I just ran another test, making 5000 requests again. I’m trying to stress my application as much as possible since the last launch was a disaster… We had 5000 simultaneous accesses on the platform, and it completely crashed haha.

But from the test, I noticed a significant improvement. I still encountered many errors, which seem to be due to the instances not being able to scale enough to meet the demand. But now I’m wondering—isn’t Cloud Run designed for high-demand applications?

I configured my Cloud Run as follows:

  • Memory: 4 GiB
  • vCPUs: 2
  • Maximum simultaneous requests per instance: 80
  • Revision scaling: 0 - 5

I couldn’t allocate more resources because my GCP quota limits me… And from what I’ve seen, Google Cloud doesn’t allow me to request an increase since it says I’m not utilizing all the available resources, so I don’t need it. Now I’m stuck trying to figure out where the bottleneck in my application is.

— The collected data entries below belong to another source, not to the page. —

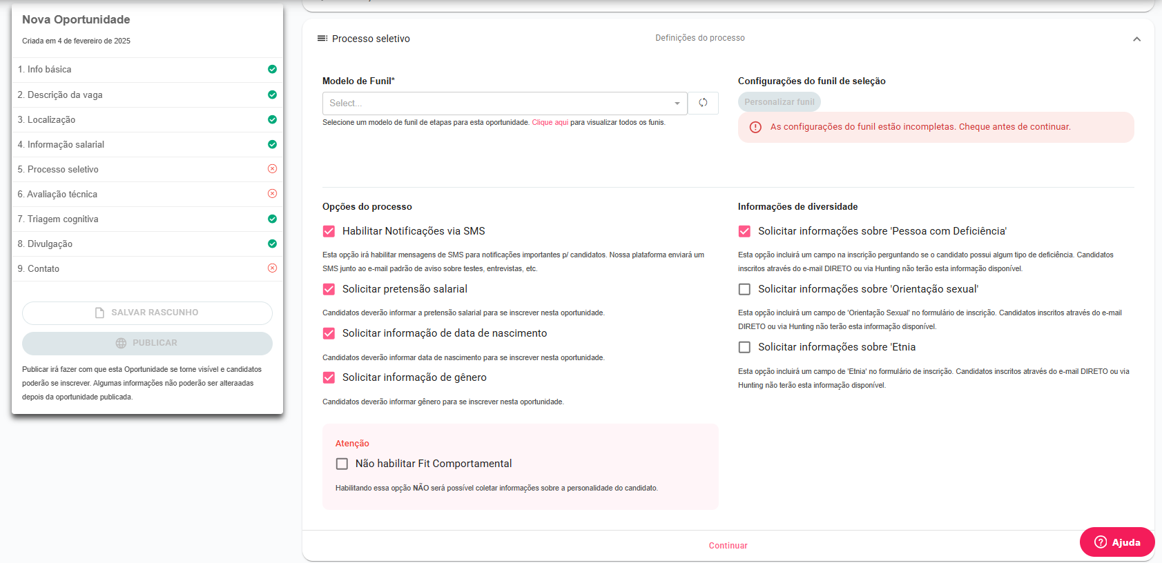 Nesta tela, você pode definir detalhes do processo seletivo e selecionar as informações que serão coletadas no formulário de inscrição dos candidatos. Aqui, estão disponíveis opções de personalização do funil de seleção, notificações, informações obrigatórias e dados de diversidade.
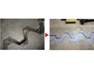 遊間部からの漏水が問題となっている橋梁の伸縮装置の劣化した伸縮ゴム部分のみを除去し、塗料による止水塗膜を形成し補修する。これまで各種ウレタン防水材や建築塗料で培ってきた技術を土木分野に転用し、耐久性、耐候性に優れた1成分タイプのウレタン樹脂系塗料を止水材として採用した。 ※NEXCO試験法438 公的品質証明を取得済。 ※国土交通省「橋梁伸縮装置止水部の補修に関する技術」に選定。
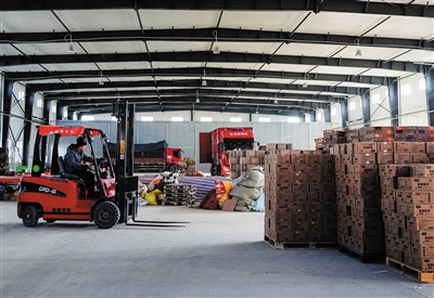 图为灵丘县中源物流仓储基地工人正在仓库中快速中转快递。
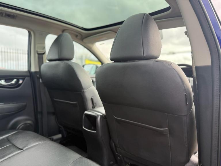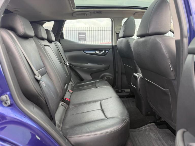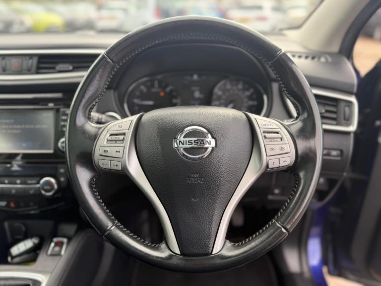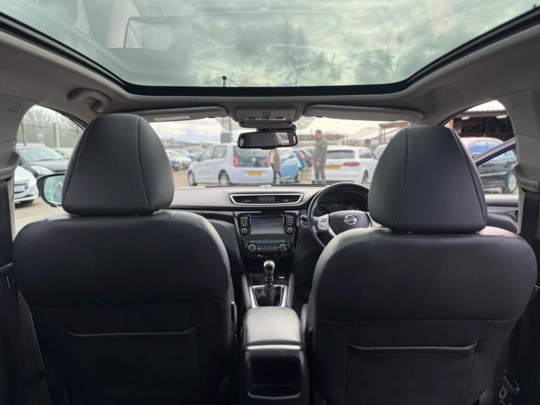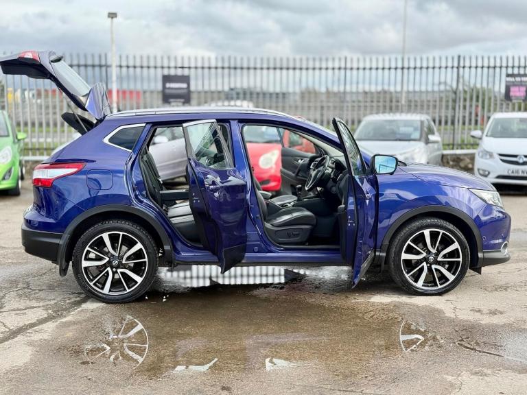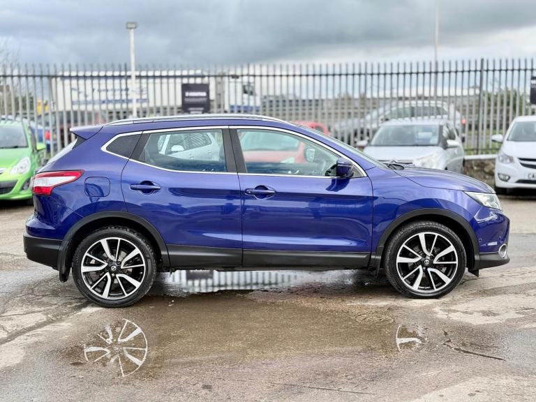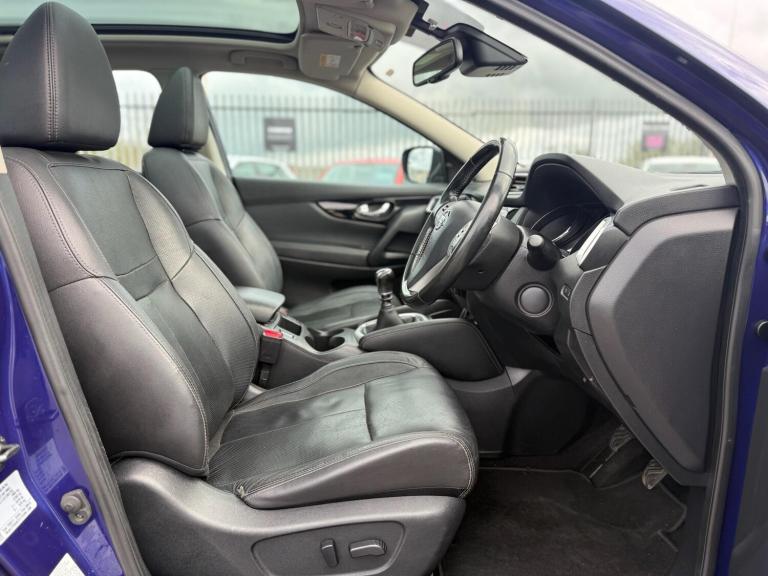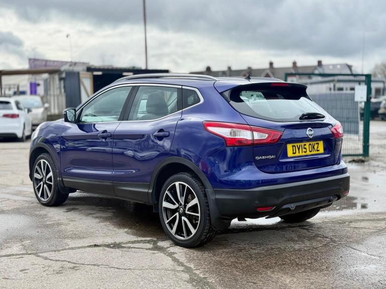 2015 Nissan Qashqai 1.6 dCi Tekna 2WD Euro 5 (s/s) 5dr presented in excellent condition with 2 keys, full service history, a brand new service and MOT.This top-spec Tekna model comes loaded with features including 19in diamond-cut alloy wheels, push button start, hill hold assist, front and rear parking sensors with 360° parking camera, automatic rain sensing wipers, Bi-LED automatic headlights with LED daytime running lights, panoramic glass roof with electric sun blind, electric heated power folding mirrors, front and rear electric windows, heated leather front seats, leather multifunction steering wheel with audio controls, adaptive cruise control with speed limiter, 7in touchscreen infotainment system, DAB radio, satellite navigation, Bluetooth hands-free and media connectivity, dual-zone climate control, front and rear heated windscreen and ISOFIX child seat anchor points.A spacious, high-spec SUV offering comfort, practicality and excellent fuel economy. Perfect family vehicle with premium features throughout.

Just to clarify, I’m using a Postgres database on Cloud SQL with the following specs:

  • vCPUs: 2
  • Memory: 8 GB

Errors Logs database:

Throwing more resources at the problem isn’t always the best solution. 4GB and 2 cores is quite a lot of compute.

If your app is async and doing DB queries, that can cause lots of DB connections, and timeouts with the connection pool. It sounds like pool contention is your main issue, not necessarily resources.